An immutable map doesn't get replaced wholesale. Most of the new map
uses the same data as the old map, with just a sprinkling of new data
structures adjusted for the key that was inserted or removed.

Alan Burlison
Joined: 2011-08-26,
User offline. Last seen 42 years 45 weeks ago.
Re: How to do an efficient update of an immutable map

On 21/12/2011 12:17, Daniel Sobral wrote:

> An immutable map doesn't get replaced wholesale. Most of the new map
> uses the same data as the old map, with just a sprinkling of new data
> structures adjusted for the key that was inserted or removed.

Neat, thanks for the info. If I wanted to go get my head around the
implementation, where would be the best place to start looking?

dcsobral
Joined: 2009-04-23,
User offline. Last seen 38 weeks 5 days ago.
Re: How to do an efficient update of an immutable map

On Wed, Dec 21, 2011 at 10:32, Alan Burlison wrote:
> On 21/12/2011 12:17, Daniel Sobral wrote:
>
>> An immutable map doesn't get replaced wholesale. Most of the new map
>> uses the same data as the old map, with just a sprinkling of new data
>> structures adjusted for the key that was inserted or removed.
>
>
> Neat, thanks for the info.  If I wanted to go get my head around the
> implementation, where would be the best place to start looking?

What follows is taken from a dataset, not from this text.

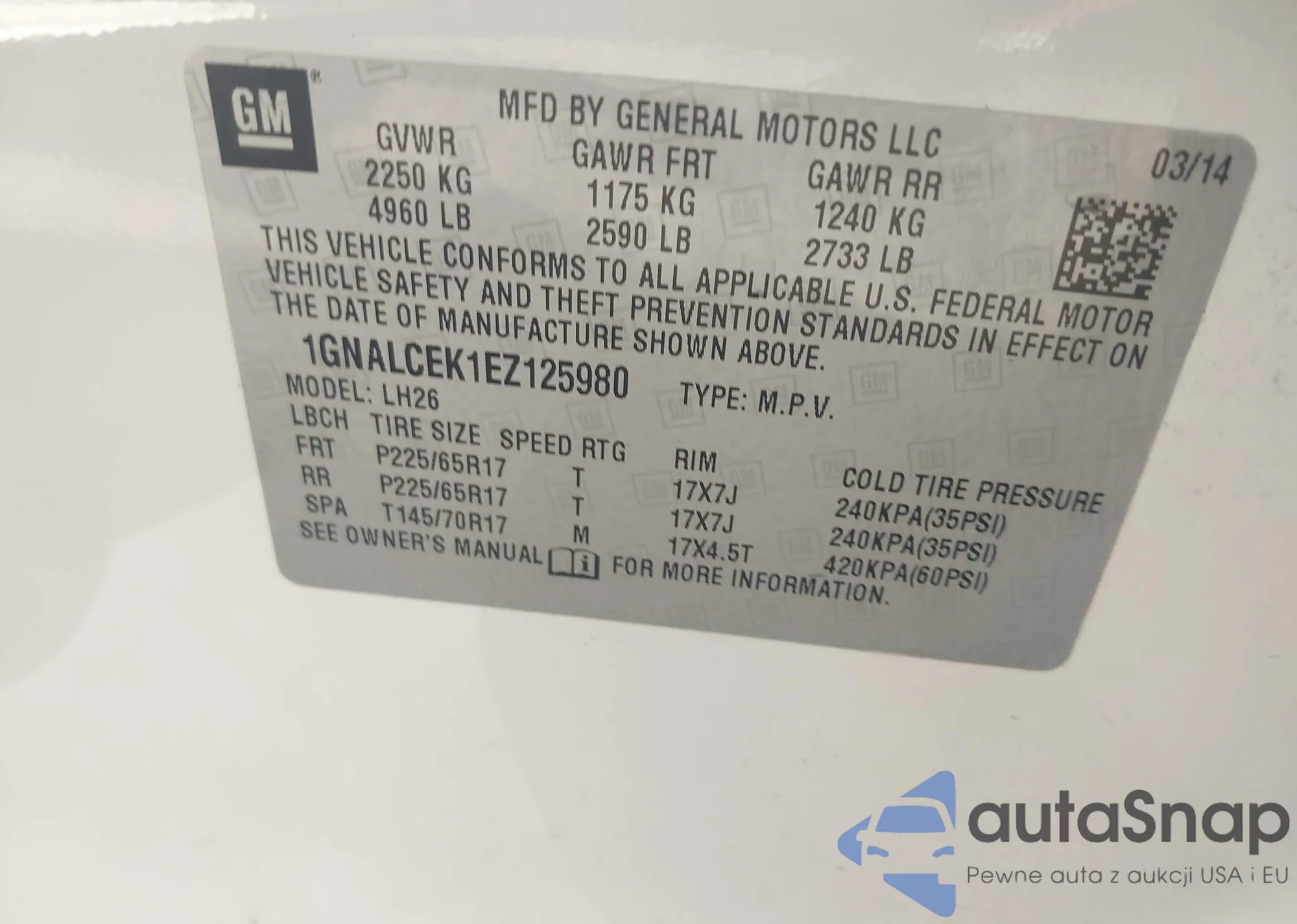 LOT: 42573430 VIN: 1GNALCEK1EZ125980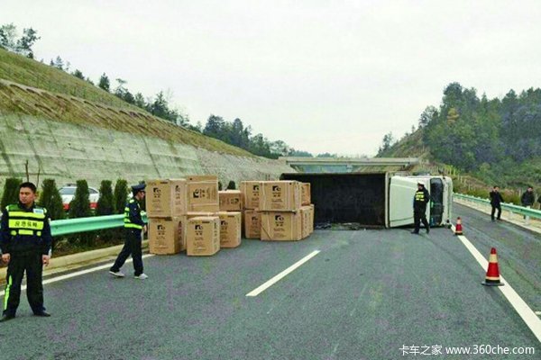 据黔南高速交警大队惠罗高速辖区的交警中队民警称,侧翻的货车横躺在公路中央,散落的货物狼藉一地,将两条行车道全部占据。

From what I saw, it uses a TrieMap based on the hash (HashTrieMap),
plus some optimizations to provide good parallelism. This is a rather
complex structure, and I advise you to get a general grounding on
functional tries before tackling the implementation. Daniel Spiewak's
Extreme Cleverness presentation
(http://www.infoq.com/presentations/Functional-Data-Structures-in-Scala)
might get you started. It's very interesting anyway, and explains very
well the basic concepts of data structure reuse (persistent data
structures).

The whole implementation seems to be inside HashMap.scala, so you can
just look up the immutable HashMap class on Scaladoc, and then click
on the link to the source code.

Tony Morris 2
Joined: 2009-03-20,
User offline. Last seen 42 years 45 weeks ago.
Re: Re: How to do an efficient update of an immutable map

On 12/21/2011 09:42 AM, Alan Burlison wrote:
>> I believe there should be operators for adding one map to another (in a
>> rush right now so can't check, sorry). So you could create a new map, add
>> your new elements to it which would be fast since it's small (in fact, you
>> could even make it mutable), and then add the new map to the old map to get
>> the final map. I'm assuming that the underlying implementations are
>> efficient (which probably means they use transient mutable structures).
> That's more or less what I was intending to to for the additions and
> updates, but it won't cater for removals - that's the problem. Also
> you don't have to use a map for the add/update you can use a list of
> key/value pairs.

You want a zipper. Unfortunately there isn't one in the standard Map
implementations. I hear there is one on the way in a third party
library, or you could write one yourself pretty easily. You want to
avoid mutability for efficiency reasons.

Tony Morris
Joined: 2008-12-19,
User offline. Last seen 30 weeks 4 days ago.
Re: How to do an efficient update of an immutable map

I recommend writing a (immutable) self-balancing binary tree map, with accompanying zipper to achieve your operations efficiently.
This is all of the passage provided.